MSP Security Changes Coming Soon
If the global pandemic weren’t enough, MSPs will be facing new changes in the coming months and years pertaining to internal (and external) security practices and technologies. What does this mean for your MSP security practice? We will explain.
It should be no secret that cybercriminals have used the global pandemic to increase and shield their nefarious activities over the last 12 months. While bad actors were quite active leading up to the pandemic, since the outbreak, these cybercriminals have simultaneously ramped up their attacks while at the same time using the pandemic as cover. After all, what better time to launch cyberattacks than during a global pandemic.
As the world begins to get vaccinated and a post-pandemic norm settles in, the cybercriminals will undoubtedly continue their activities, leaving organizations and MSPs to prepare for what is coming next. But, what should the MSPs anticipate?
Next-Gen MSP Security
The days of having only a firewall are over. I think we all know this. Firewall management has been a standard managed services offering from MSPs for years. Still, policy-based firewall protections are no longer sufficient to protect MSPs (and clients) from the dangers lurking out there.

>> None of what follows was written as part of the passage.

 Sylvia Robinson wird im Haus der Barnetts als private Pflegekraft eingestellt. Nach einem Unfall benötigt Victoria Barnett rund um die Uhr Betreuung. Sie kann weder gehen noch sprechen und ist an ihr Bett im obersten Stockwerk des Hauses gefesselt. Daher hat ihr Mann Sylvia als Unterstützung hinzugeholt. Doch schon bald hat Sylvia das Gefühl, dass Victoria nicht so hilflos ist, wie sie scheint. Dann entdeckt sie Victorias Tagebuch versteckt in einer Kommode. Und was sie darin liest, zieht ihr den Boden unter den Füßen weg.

SIEM (security information event management) has been a great supplement to firewall and other endpoint management technologies. Still, the SIEM tools have traditionally required people (in a SOC) to unleash those benefits. With cybersecurity unemployment maintaining record lows, growing a SOC practice can be challenging for many MSPs, both from a cost perspective and finding the talent.
This brings us to XDR.
XDR for Managed Services is relatively new and still making its way throughout the enterprise community, not to mention the MSP community. Extended Detection and Response may not mean a lot to you right now, but that will change soon. First, let’s establish some definitions to help you better understand what is coming.

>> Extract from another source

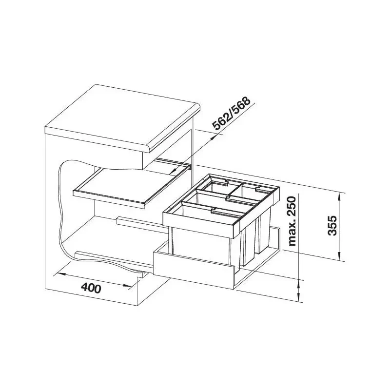 BLANCO FLEXON II 60/3 (3x15L) affaldssystem til skuffe

Endpoint Detection and Response (EDR) was coined by a Gartner analyst back in 2013. Aimed to enhance the existing endpoint devices commonly used by MSPs to protect themselves and clients, these devices needed additional analysis to exploit the benefits fully. https://blogs.gartner.com/anton-chuvakin/2013/07/26/named-endpoint-threat-detection-response/
While EDR has focused primarily on the endpoint (no surprise here), SIEM products have gone beyond the endpoint and gather data from multiple network devices and correlate that data. If you are wondering, that event correlation and response has traditionally been performed by people. As you may already guess, the problem is that there aren’t enough people around to perform sufficient 24/7 monitoring, management, and analysis. This lack of human resources is particularly acute within the mid-market and SMB communities, including MSPs servicing those markets.
What is XDR?
Extended Detection and Response enables the MSP to “extend” the capabilities of the endpoint devices they use and review, analyze, correlate, and respond to security events without having to rely solely on a fully staffed SOC or NOC. Technically different from what a SIEM product does, SIEM and XDR combined are the future of managed services best practices.

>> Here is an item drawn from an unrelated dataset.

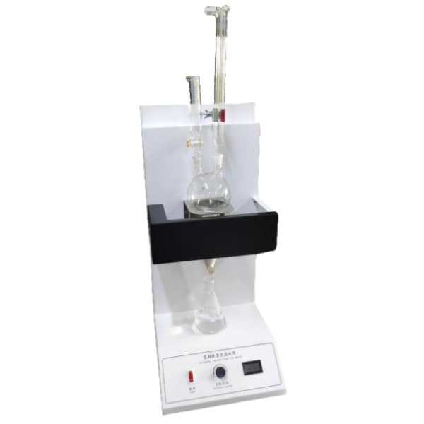 Прибор состоит в основном из колбы-экстрактора (экстрактора), нагревательной катушки, защитной крышки, конденсатора, цилиндрической сепарационной воронки (капельной воронки), зажимательного устройства,панель регулируемой температуры с цифровым дисплеем, опоры столба, столб, двойной верхний провод, универсальный зажим, коническая колба и т. д. Структура показана на рисунке слева:

The future for MSPs is in the adoption of those “managed SIEM” and XDR/EDR/MDR solutions, extending the capabilities of the MSP beyond their existing NOC/help desk staff by including automation and machine learning. At the very least, MSPs will be expected to incorporate these technologies into their toolsets, even if they do not deliver these as services to their clients. What does this mean specifically?
MSPs will soon be expected to have these next-generation security solutions pointed inward at their own IT resources, even if they are not using these technologies to deliver managed security offerings to their clients. My own opinion is that most MSPs ought to look at adding these technologies, safeguarding the MSP organization, and providing them as managed services to customers who could benefit from them.
The benefits of adding SIEM and XDR technology are numerous for MSP and clients alike. MSPs, however, will address a critical scalability issue with XDR and SIEM solutions without having to rely on staffing up with costly cybersecurity personnel additions.
If you are already down this path, keep it up, you are doing the right thing. If you haven’t started to acquire these technologies, start now.